**Requirement:** Once the pictures are set aside, transcribe each line of the data exactly.

BEGIN Source data

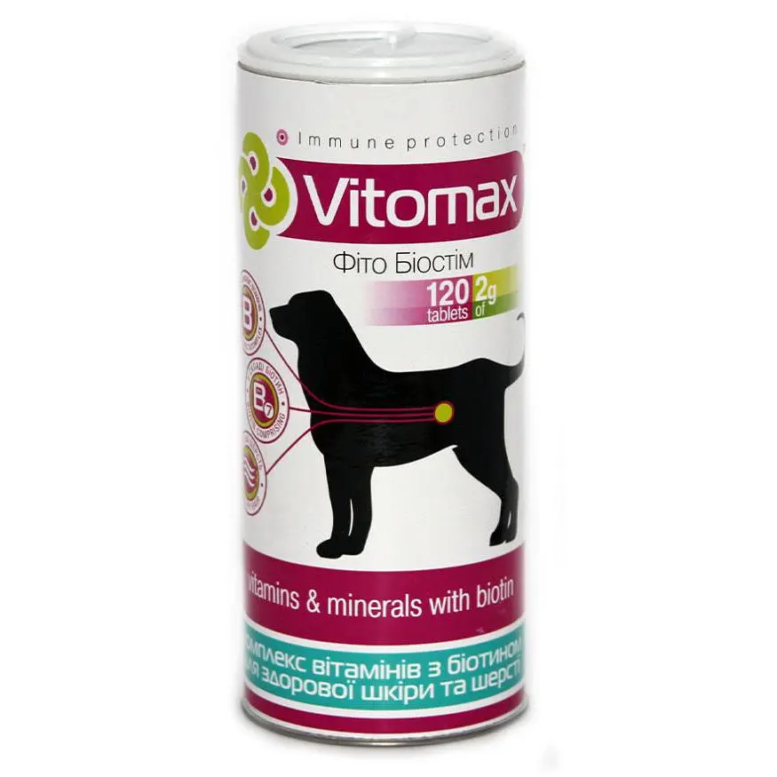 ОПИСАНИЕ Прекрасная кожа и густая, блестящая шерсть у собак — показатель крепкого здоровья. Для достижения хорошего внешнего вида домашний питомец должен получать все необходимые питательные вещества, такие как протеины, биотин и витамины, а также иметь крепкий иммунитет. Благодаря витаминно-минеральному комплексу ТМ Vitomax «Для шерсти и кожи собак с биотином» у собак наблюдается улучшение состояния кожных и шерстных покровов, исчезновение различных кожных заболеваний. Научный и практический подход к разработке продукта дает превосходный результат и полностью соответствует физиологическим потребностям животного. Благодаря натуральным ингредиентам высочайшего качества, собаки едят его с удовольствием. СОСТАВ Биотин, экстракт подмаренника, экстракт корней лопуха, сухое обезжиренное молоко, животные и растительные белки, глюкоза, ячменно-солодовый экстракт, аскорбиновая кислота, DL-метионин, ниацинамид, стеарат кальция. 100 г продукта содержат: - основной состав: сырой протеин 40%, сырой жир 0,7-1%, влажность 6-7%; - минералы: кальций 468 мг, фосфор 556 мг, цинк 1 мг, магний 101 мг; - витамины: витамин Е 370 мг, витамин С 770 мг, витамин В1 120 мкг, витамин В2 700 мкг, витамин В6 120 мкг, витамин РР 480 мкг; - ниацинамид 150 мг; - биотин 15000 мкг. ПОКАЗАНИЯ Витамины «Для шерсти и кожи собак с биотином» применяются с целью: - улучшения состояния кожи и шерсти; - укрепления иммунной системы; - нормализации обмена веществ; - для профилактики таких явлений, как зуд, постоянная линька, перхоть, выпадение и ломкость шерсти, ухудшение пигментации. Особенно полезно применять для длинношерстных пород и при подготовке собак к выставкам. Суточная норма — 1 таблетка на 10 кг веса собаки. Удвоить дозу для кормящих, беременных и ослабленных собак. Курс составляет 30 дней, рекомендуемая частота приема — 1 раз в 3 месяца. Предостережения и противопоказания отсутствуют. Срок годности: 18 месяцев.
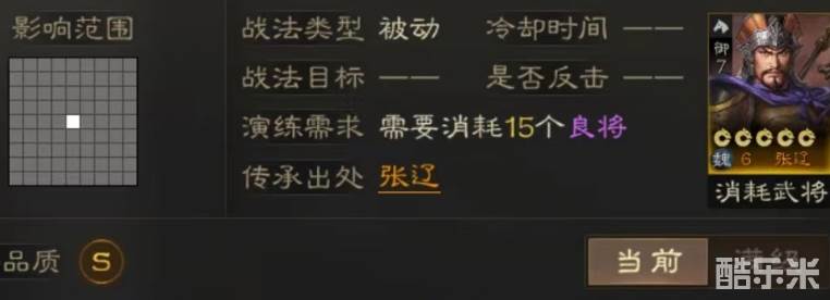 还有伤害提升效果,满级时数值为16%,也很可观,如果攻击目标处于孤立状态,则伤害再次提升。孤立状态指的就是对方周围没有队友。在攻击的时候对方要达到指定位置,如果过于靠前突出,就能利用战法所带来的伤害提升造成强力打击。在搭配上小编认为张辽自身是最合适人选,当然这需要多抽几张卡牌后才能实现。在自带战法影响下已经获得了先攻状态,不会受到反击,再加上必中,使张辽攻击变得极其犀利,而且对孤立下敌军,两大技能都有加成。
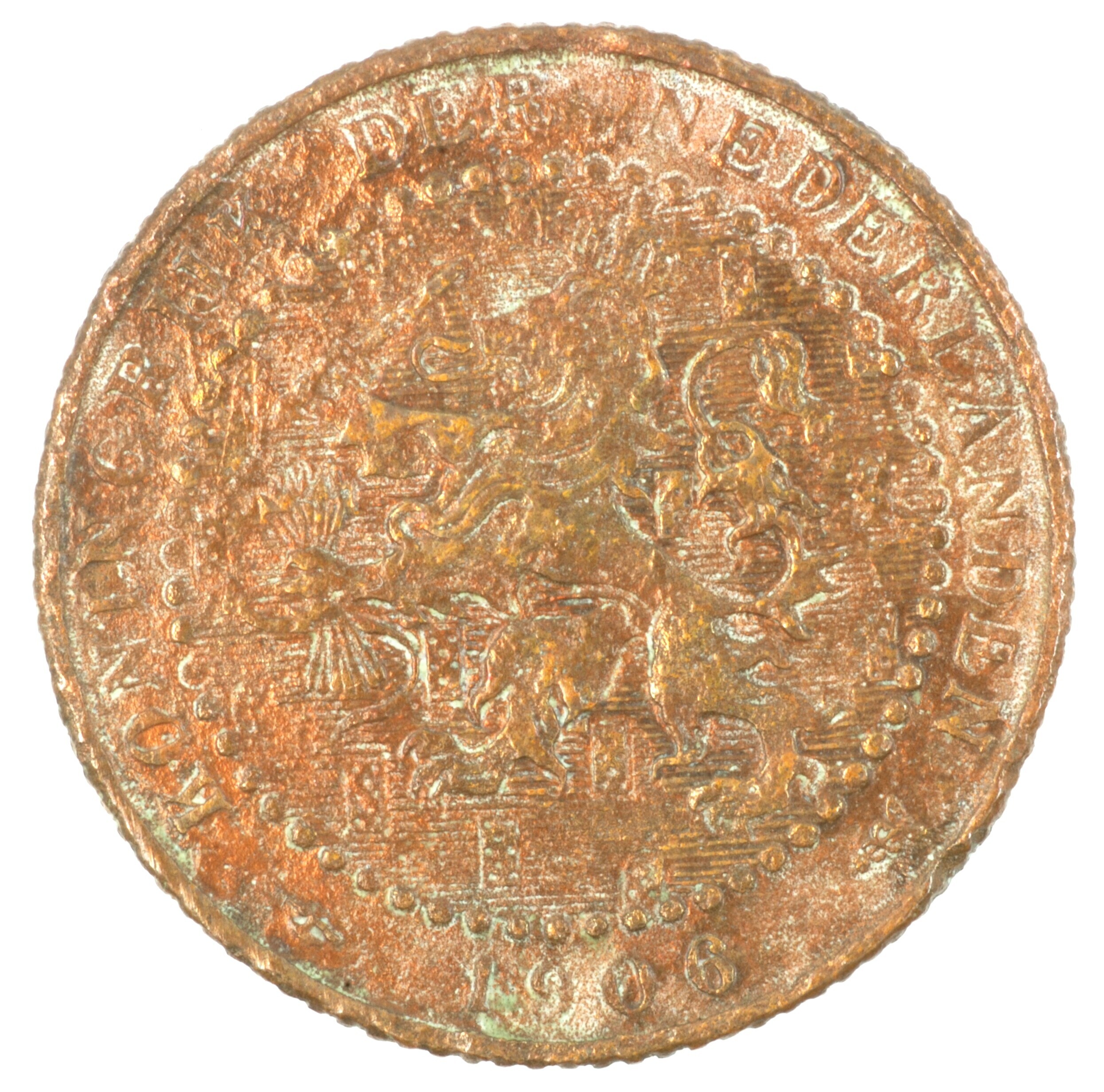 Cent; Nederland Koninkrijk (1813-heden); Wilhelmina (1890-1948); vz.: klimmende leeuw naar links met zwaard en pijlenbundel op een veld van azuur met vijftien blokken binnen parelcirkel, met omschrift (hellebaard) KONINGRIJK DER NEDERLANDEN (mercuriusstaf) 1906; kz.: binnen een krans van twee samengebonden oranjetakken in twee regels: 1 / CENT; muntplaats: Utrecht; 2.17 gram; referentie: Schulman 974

END Source data

**Problem solution:**
 ОПИСАНИЕ Прекрасная кожа и густая, блестящая шерсть у собак — показатель крепкого здоровья. Для достижения хорошего внешнего вида домашний питомец должен получать все необходимые питательные вещества, такие как протеины, биотин и витамины, а также иметь крепкий иммунитет. Благодаря витаминно-минеральному комплексу ТМ Vitomax «Для шерсти и кожи собак с биотином» у собак наблюдается улучшение состояния кожных и шерстных покровов, исчезновение различных кожных заболеваний. Научный и практический подход к разработке продукта дает превосходный результат и полностью соответствует физиологическим потребностям животного. Благодаря натуральным ингредиентам высочайшего качества, собаки едят его с удовольствием. СОСТАВ Биотин, экстракт подмаренника, экстракт корней лопуха, сухое обезжиренное молоко, животные и растительные белки, глюкоза, ячменно-солодовый экстракт, аскорбиновая кислота, DL-метионин, ниацинамид, стеарат кальция. 100 г продукта содержат: - основной состав: сырой протеин 40%, сырой жир 0,7-1%, влажность 6-7%; - минералы: кальций 468 мг, фосфор 556 мг, цинк 1 мг, магний 101 мг; - витамины: витамин Е 370 мг, витамин С 770 мг, витамин В1 120 мкг, витамин В2 700 мкг, витамин В6 120 мкг, витамин РР 480 мкг; - ниацинамид 150 мг; - биотин 15000 мкг. ПОКАЗАНИЯ Витамины «Для шерсти и кожи собак с биотином» применяются с целью: - улучшения состояния кожи и шерсти; - укрепления иммунной системы; - нормализации обмена веществ; - для профилактики таких явлений, как зуд, постоянная линька, перхоть, выпадение и ломкость шерсти, ухудшение пигментации. Особенно полезно применять для длинношерстных пород и при подготовке собак к выставкам. Суточная норма — 1 таблетка на 10 кг веса собаки. Удвоить дозу для кормящих, беременных и ослабленных собак. Курс составляет 30 дней, рекомендуемая частота приема — 1 раз в 3 месяца. Предостережения и противопоказания отсутствуют. Срок годности: 18 месяцев.
 还有伤害提升效果,满级时数值为16%,也很可观,如果攻击目标处于孤立状态,则伤害再次提升。孤立状态指的就是对方周围没有队友。在攻击的时候对方要达到指定位置,如果过于靠前突出,就能利用战法所带来的伤害提升造成强力打击。在搭配上小编认为张辽自身是最合适人选,当然这需要多抽几张卡牌后才能实现。在自带战法影响下已经获得了先攻状态,不会受到反击,再加上必中,使张辽攻击变得极其犀利,而且对孤立下敌军,两大技能都有加成。
 Cent; Nederland Koninkrijk (1813-heden); Wilhelmina (1890-1948); vz.: klimmende leeuw naar links met zwaard en pijlenbundel op een veld van azuur met vijftien blokken binnen parelcirkel, met omschrift (hellebaard) KONINGRIJK DER NEDERLANDEN (mercuriusstaf) 1906; kz.: binnen een krans van twee samengebonden oranjetakken in twee regels: 1 / CENT; muntplaats: Utrecht; 2.17 gram; referentie: Schulman 974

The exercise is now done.